Premier Albanii Edi Rama w jednym z wywiadów uznał za dosyć dziwne, by ktokolwiek chciał prowadzić działania szpiegowskie na terenie rozpadającej się i od dawna niedziałającej fabryki wojskowej, gdzie nie ma żadnych tajemnic, które można by skraść. Rama dodał jednak, że Albania, jako członek NATO, musi traktować poważnie każde podejrzenie szpiegostwa ze strony Moskwy. 

Wniosek o ekstradycję

Choć sprawa wydaje się dość dziwna, a szpiegowskie zdolności zatrzymanych wątpliwe, są elementy tej historii, które każą podejrzewać, że Kreml rzeczywiście maczał w tym palce.

Krótko po zatrzymaniu trójki Moskwa wystosowała do albańskich władz wniosek o ekstradycję jednej z nich, 33-letniej Swietłany Timofojewej. Jak donosi "New York Times", to popularna rosyjska fotografka, znana w mediach społecznościowych jako Lana Sator. Rosjankę na Instagramie obserwuje ponad 250 tysięcy użytkowników.

We wniosku o ekstradycję napisano, że kobieta jest poszukiwana w Rosji w związku ze sprawą z 2018 roku dotyczącą nielegalnego wtargnięcia na teren podziemnego obiektu wojskowego w Czechowie, mieście na południe od Moskwy, gdzie w czasach zimnej wojny mieściło się centrum dowodzenia nuklearnego. 

Zdaniem prowadzącego śledztwo albańskiego prokuratora to podejrzane, że Moskwa tak szybko "odkurzyła starą sprawę", by uzasadnić żądanie odesłania Timofojewej z powrotem do Rosji. Jak zauważył, cytowany przez "NYT", ekstradycja jest "jednym ze sposobów ratowania swoich ludzi" przez rosyjskie władze.

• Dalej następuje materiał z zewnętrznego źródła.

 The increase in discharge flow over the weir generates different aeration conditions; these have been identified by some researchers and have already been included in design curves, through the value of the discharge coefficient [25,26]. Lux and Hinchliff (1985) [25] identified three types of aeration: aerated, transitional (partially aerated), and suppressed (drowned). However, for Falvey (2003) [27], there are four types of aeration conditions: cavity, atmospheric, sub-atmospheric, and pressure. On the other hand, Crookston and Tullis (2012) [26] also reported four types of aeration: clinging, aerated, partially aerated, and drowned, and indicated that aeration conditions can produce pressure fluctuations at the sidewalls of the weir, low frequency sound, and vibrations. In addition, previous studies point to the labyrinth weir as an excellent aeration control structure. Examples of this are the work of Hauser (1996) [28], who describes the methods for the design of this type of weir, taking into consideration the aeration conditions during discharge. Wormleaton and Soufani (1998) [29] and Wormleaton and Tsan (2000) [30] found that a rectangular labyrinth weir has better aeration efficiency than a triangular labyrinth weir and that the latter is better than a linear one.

Ale Timofojewa wcale nie ma ochoty wracać do Rosji. Przynajmniej tak twierdzi jej prawnik. 

Rosjanka prosi o azyl

Zatrzymana w Albanii pod zarzutem szpiegostwa Rosjanka poprosiła o azyl ze względu na obawy przed czekającym ją w Rosji prześladowaniem - poinformowała we wtorek albańska redakcja Radia Wolna Europa.

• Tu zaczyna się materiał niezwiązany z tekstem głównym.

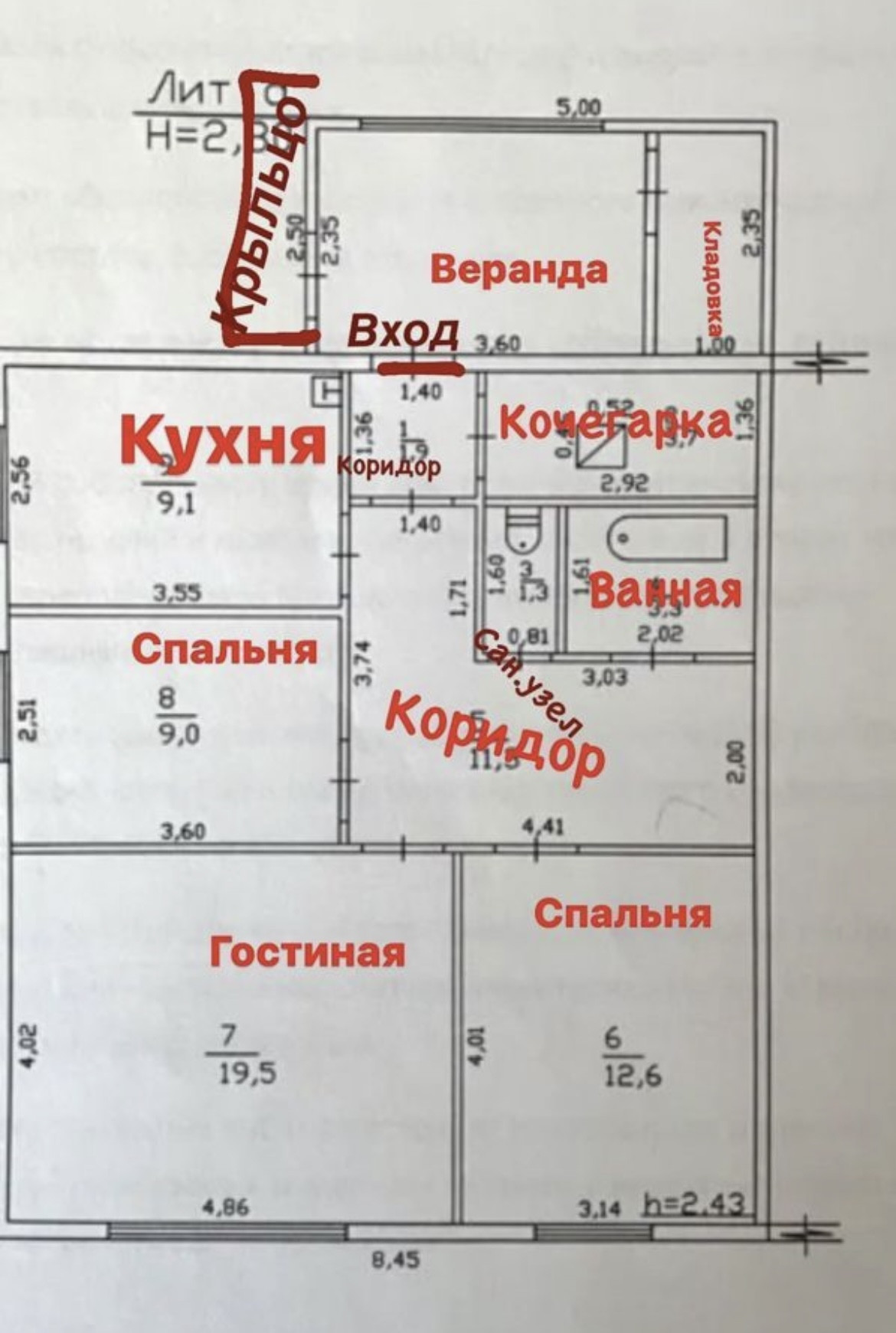 Площадь квартиры 71кв.м без холодного помещения(веранды+кладовки)

"Jeśli wrócę do Rosji, będę poddana prześladowaniom z powodu swoich poglądów politycznych" - zaznaczyła, uzasadniając swój wniosek. Jej adwokat wyjaśnił, że prośba o azyl wynika z zarzutów o szpiegostwo, które również przedstawiono jej w Rosji.

"Istnieje ryzyko, że Timofojewa będzie w Rosji poddana prześladowaniom, poniżającemu traktowaniu i czynnościom, które jawnie łamią prawa człowieka. Jej powrót do Rosji byłby sprzeczny z zakazem nieludzkiego traktowania" - podano we wniosku o azyl.

Albański sąd wydał w sierpniu nakaz aresztowania zatrzymanych w związku z zarzutem dotyczącym "zbierania danych wojskowych i innych, które mogłyby zostać dostarczone państwu trzeciemu".